James Gleick'in Isaac Newton kitabını okurken bir süredir arama mesafe koyduğum klasik fiziğe tekrar merhaba demek istemiştim. Liseden beri aramda fırtınalı ve yenilgiler dolusu bir ilişki vardı, fizikle. Her zaman kendimi ona karşı bir ön yargıda buldum. Üniversitede ilk şiirimi, fiziğe yazdım. O benim için kutsanmış imkansız bir aşktı. Bu yüzdendir ki ilk şiirimi ona adadım. Şiirler, bir şeye meydan okumanın en somut ve büyülü yoludur. İmgelere meydan okuyan harflerin anlamlı bir bütünü oluşturup tinsel bir armoniye dönüşmesi zaman alır ve şiir yazmak da fiziği anlamak kadar zordur.

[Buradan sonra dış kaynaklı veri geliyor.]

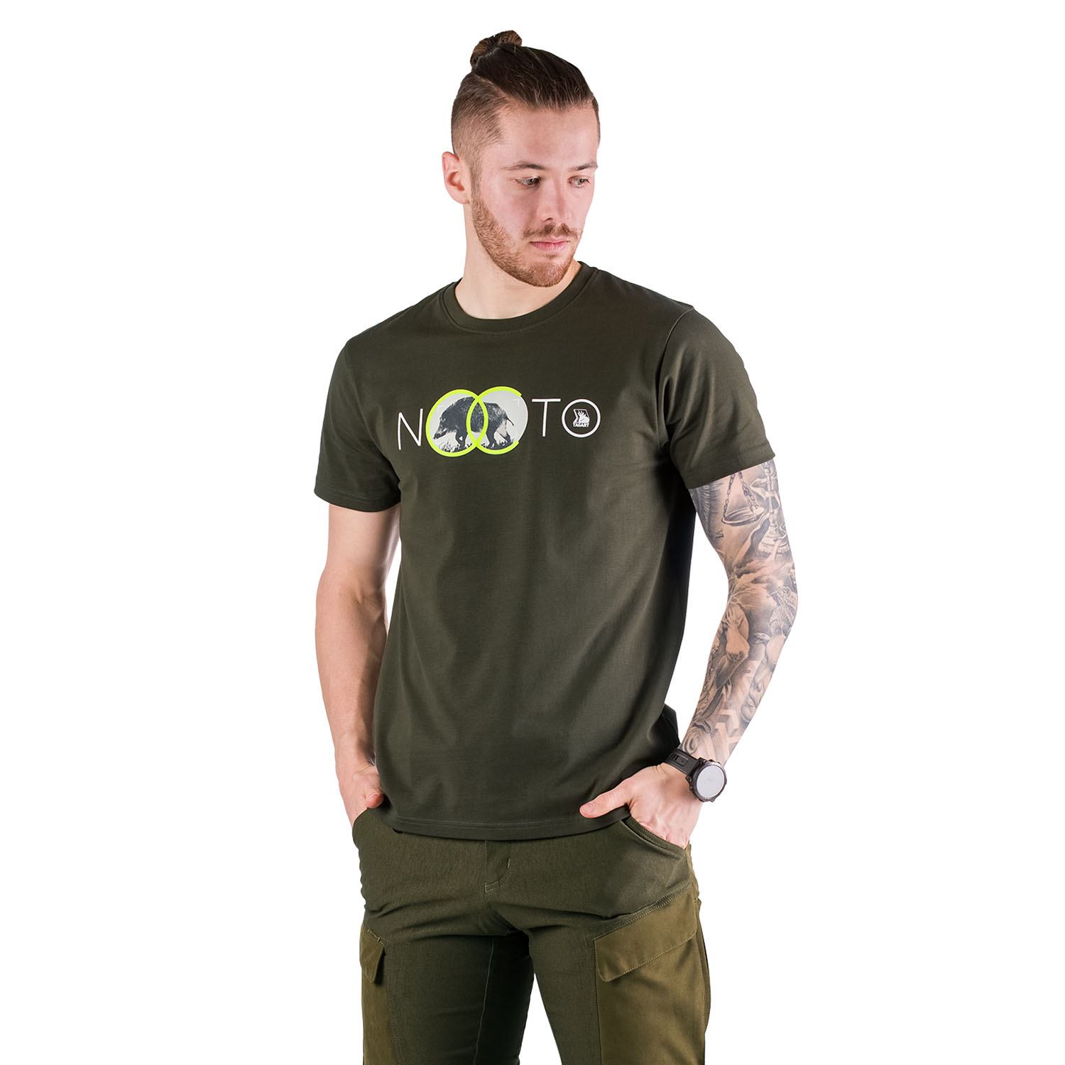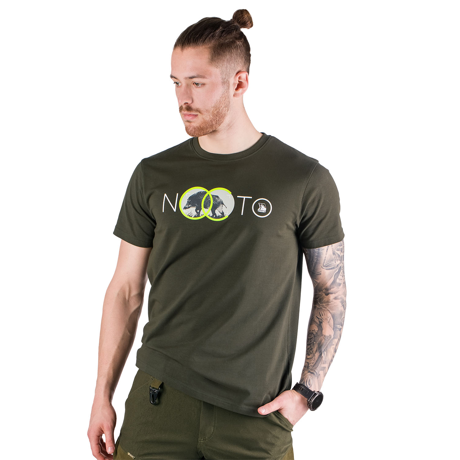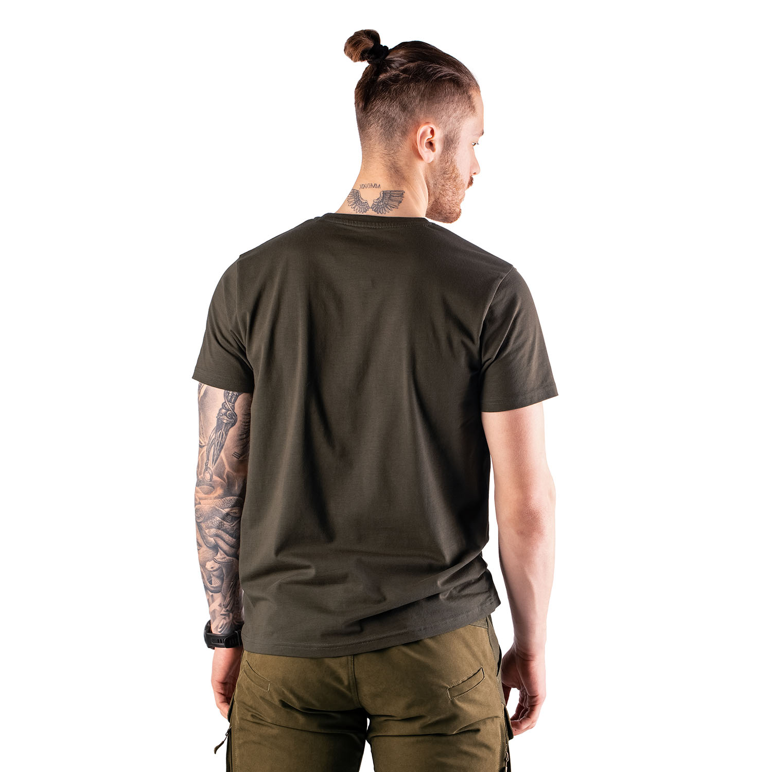 Nadruk umieszczony na froncie koszulki przedstawia tradycyjny motyw myśliwski w nowoczesnym wydaniu, co dodaje jej charakteru i może wyrażać osobisty styl. Każdemu miłośnikowi aktywnego trybu życia na świeżym powietrzu – turyście, myślowemu lub miłośnikowi bushcraftu – koszulka z pewnością przypadnie do gustu.
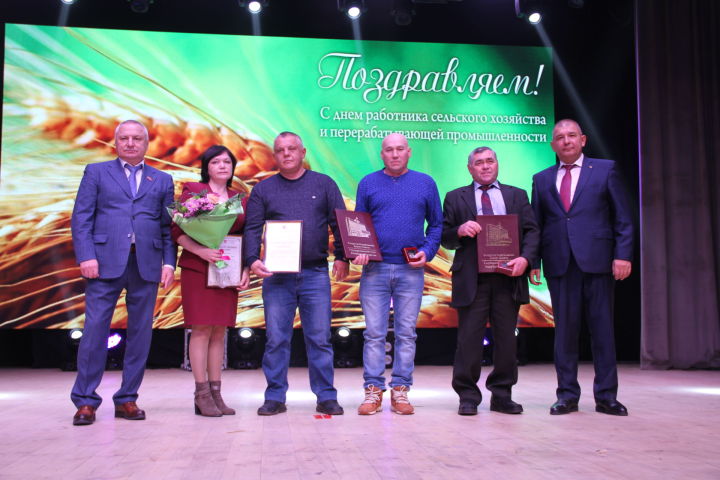 В завершение выступления Азат Хамаев и Айдар Салахов вручили почетные грамоты и благодарственные письма Министерства сельского хозяйства и продовольствия республики ряду передовиков труда, памятные знаки “100 лет образования ТАССР”, благодарственные письма Государственного Совета РТ, благодарственные письма муниципальных образований РТ, благодарственные письма главы района. Начальник Главного управления ветеринарии Кабинета Министров Республики Татарстан Алмаз Хисамутдинов в своем выступлении передал мензелинцам привет от министра сельского хозяйства РТ Марата Зяббарова:
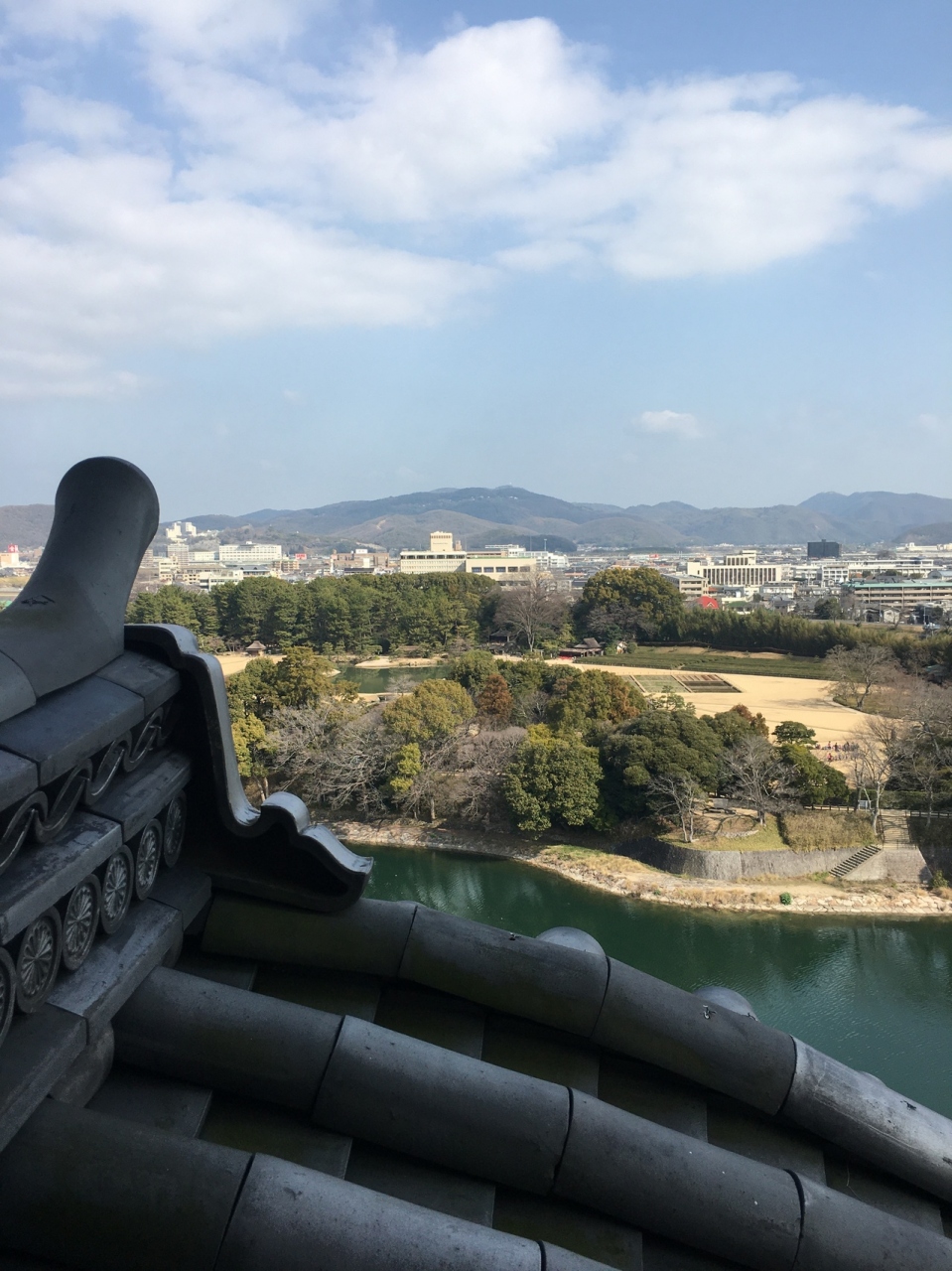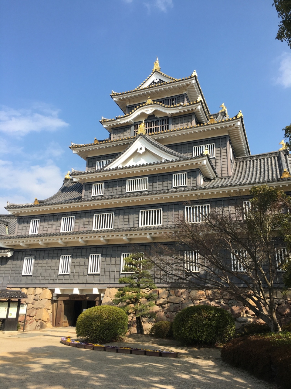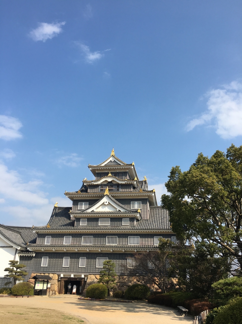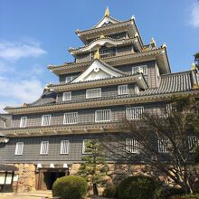 山城でないため、天守閣まで行くのが楽でした。中に入ると、明治初期の城の写真や瓦屋根等が展示しており、宇喜多秀家や小早川秀秋の甲冑も展示してありました。最上階に行くと旭川や岡山市内上見渡せ、展望の窓からは鯱鉾を近くで見ることが出来ます。

Benim, Blake ile tanışmak için önce onu James Gleick'in Isaac Newton kitabında keşfetmem gerekiyordu. Hangi sayfada olduğunu anımsamamam ile birlikte karşıma, Blake ve onun meşhur "Newton" adlı çalışması çıktı. Öncesinde ufak bir açıklama olarak okuduğum bu isim, bende büyük bir merak uyandırdı. Sonra Blake'i araştırmaya başladım. Bu eşsiz ve meydan okuyucu olan dâhiyi hem bir şair olarak keşfetmek hem de bir ressam olarak analizlemek istedim. Benim gibi yeteneksizliğine rağmen resim yapan ve berbat şiirler yazan biri için "Cennet ile Cehennem'in Evliliği" harika bir kitaptı .
Yerçekimine ruhuyla meydan okuyanlardansan ve Newton-Blake tezatlığında yeni mısralar doğurmayı arzuluyorsan "Enerji ebedi hazdır." diyen Blake'e kulak vermelisin. Çünkü şiirler, hazların; enerji, doğanın simgesidir.